Design & Reuse

Synopsys Gives Its Major EDA Offerings a Gen-AI Facelift

Synopsys recently announced expanded generative AI capabilities through offerings such as Ansys Engineering Copilot and AgentEngineer technology.

www.allaboutcircuits.com, Oct. 01, 2025 – 

Synopsys recently expanded its EDA portfolio, highlighting new capabilities in its Synopsys.ai Copilot GenAI technology and extended integration with Ansys simulation tools. The update brings enhanced automation across verification workflows, broader support for system-level analysis, and tighter links to multiphysics design environments. 

Ansys Engineering Co-Pilot Targets Efficiency and Automation

With its 2025 R2 release, Ansys is updating its tools to make simulation faster and easier to use. One of the key additions is Ansys Engineering Copilot, a built-in guide that helps engineers conduct technical research without leaving the design window. The release also brings performance gains across several engineering solvers, ranging from mechanical to electrical. Mechanical sees faster thermal simulations, while meshing handles larger and more complex electronics.

HFSS, Ansys' 3D high-frequency structure simulation software, improves radiation and antenna analysis for wireless systems. These updates are especially important for areas like 5G, radar, and satellites, where speed and accuracy directly affect design cycle time. Using Ansys, Synopsys is also focusing more on workflow improvements. R2 expands Python support through PyAnsys, giving users more options to script and customize their work. Synopsys also claims that its cloud computing features make it easier to run big jobs when local resources are limited.

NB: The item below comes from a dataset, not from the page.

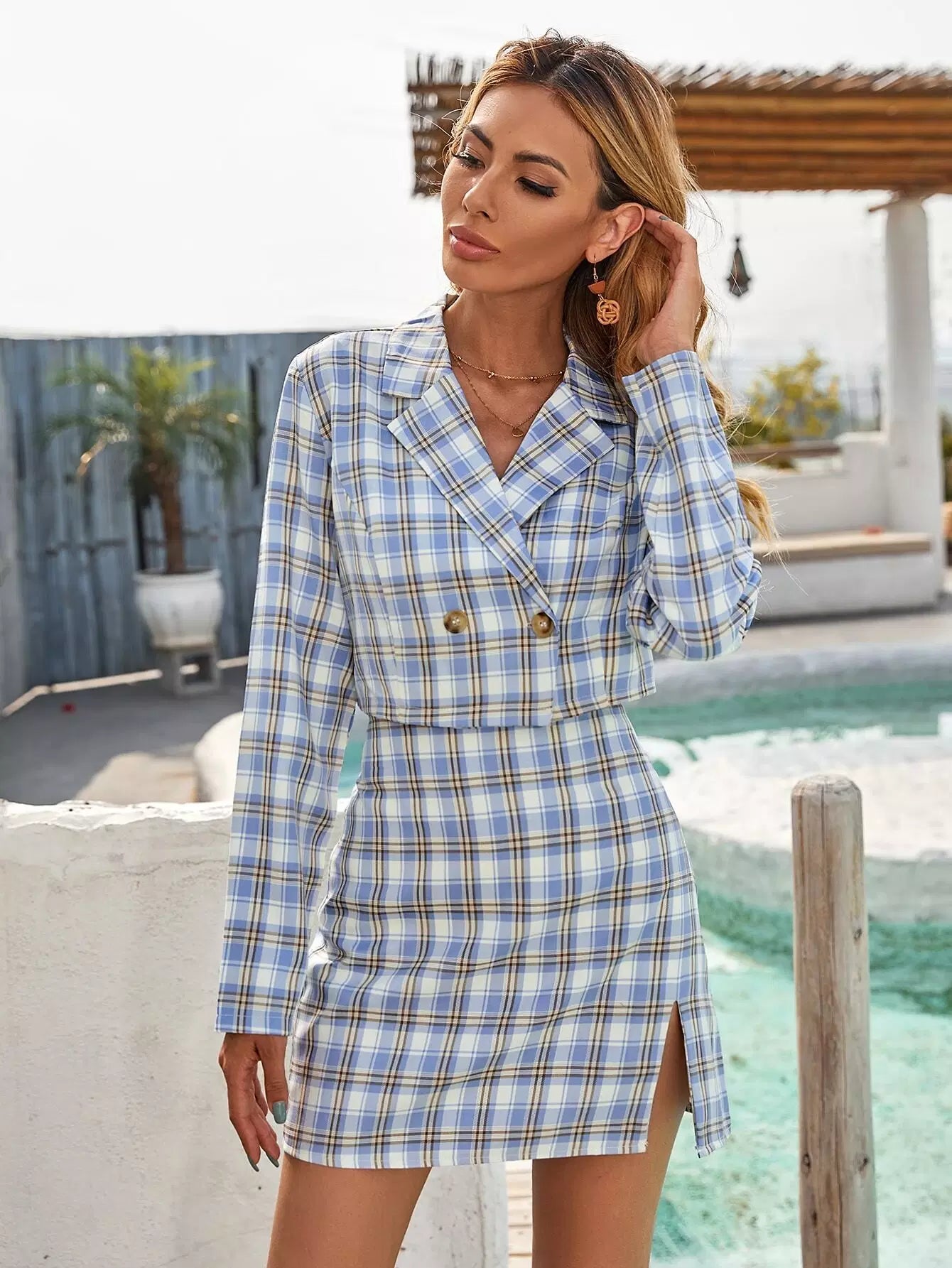 Plaid Double Breasted Blazer & Split Hem Skirt

These updates are meant to cut down on repetitive steps and free up time for higher-value engineering tasks. Synopsys says the goal is to bring simulation results earlier into chip design and post-silicon validation, enabling teams to catch potential issues before they grow into bigger problems later in the flow.

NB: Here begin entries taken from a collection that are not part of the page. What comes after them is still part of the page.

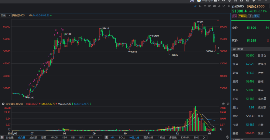 国泰君安期货预测,在“以需定销”的思路下,2026年多晶硅环节全年供需大概率实现去库存。考虑到平台成立后的运营成本,他们预计多晶硅期货全年运行区间可能在每吨5万至8万元。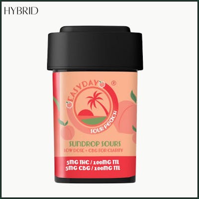 EasyDay Sundrop Sours – Sour Peach Product Type: Edible Gummy (5mg THC: 5mg CBG per chew / 100mg THC: 100mg CBG total) Strain Type: Hybrid-Infused Feel Good. Stay Clear. Buzz All Day. Sour Peach Sundrop Sours are your go-to for daytime clarity and mellow elevation. Each low-dose gummy combines 5mg THC and 5mg CBG in a balanced blend designed for smooth, functional effects—perfect for focused energy without the fog. With bright peach flavor and a tart citrus twist, they taste like sunshine and feel just as good. Flavor & Feel: Juicy peach meets tangy citrus for a sweet-sour spark Gentle buzz with light body calm and a lifted headspace All-day balance without overstimulation What to Expect: Mild body ease and focused clarity Mood support that stays smooth and steady Lightly energizing without the jitters Great For: Daytime microdosing or productivity breaks Creative work, errands, or easy social hangs Staying calm and uplifted when it counts Why You’ll Love It: Low-dose, big vibe. These Sundrops deliver feel-good clarity and peachy calm—designed to keep your mood sweet and your day steady What is CBG? CBG (Cannabigerol) is often called the “mother cannabinoid” because it’s the precursor to CBD, THC, and others. It’s known to support mood, clarity, and focus—without psychoactive effects. Paired with THC, it enhances therapeutic benefits for a smoother, more functional high. What is an Edible? Edibles are cannabis-infused foods absorbed through digestion. They typically take 30–90 minutes to kick in and last much longer than smoking or vaping. Because THC is metabolized differently, edibles often feel stronger—so start low and go slow. Our gummies are precisely dosed, full-flavored, and crafted for consistent results. Ingredients: Reverse Osmosis Water, Tapioca Syrup, Organic Cane Sugar, Organic Pectin, Full Spectrum Cannabis Oil, CBG, MCT Oil, Natural Botanical Flavors & Terpenes, Artificial Colors, Citric Acid. Vegan • Full-Spectrum • No Gelatin • No Junk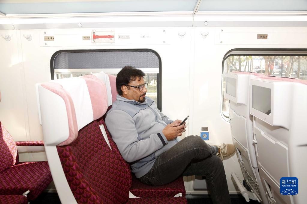 1月27日,在巴基斯坦伊斯蘭堡,乘客坐在綠線(xiàn)特快列車(chē)組的中國進(jìn)口鐵路客車(chē)內。

 AgentEngineer Provides Agents for Verification and Design Tasks

Synopsys is also expanding its AI roadmap with AgentEngineer, a framework designed to bring agent-based automation into chip development. Rather than focusing on isolated tools, AgentEngineer aims to provide coordinated digital “agents” that assist engineers across design, verification, and implementation tasks. Synopsys outlined a lengthy roadmap for agentic AI, from basic task automation toward higher levels of autonomy where multiple agents can optimize flows.

Early demonstrations, such as those shown at DAC 2025 in partnership with Microsoft, highlighted how AgentEngineer could accelerate routine steps like testbench creation and design analysis while keeping engineers in control of final decisions. By positioning AgentEngineer as a layer on top of its existing Synopsys.ai portfolio, the company may be signaling its long-term goal to shift AI from experimental to core design infrastructure. Synopsys says AgentEngineer can help customers reduce iteration cycles and receive faster feedback across the flow.

The technology can automate setup, documentation, and data handoffs to cut down on engineering overhead while improving consistency between tools. The company also notes that teams working on advanced process nodes or multi-die systems may gain earlier visibility into design bottlenecks, helping them address timing, power, or verification issues before they escalate. In the long run, Synopsys positions AgentEngineer as a way to scale engineering productivity without scaling team size, an increasingly important goal as designs grow larger and schedules grow tighter.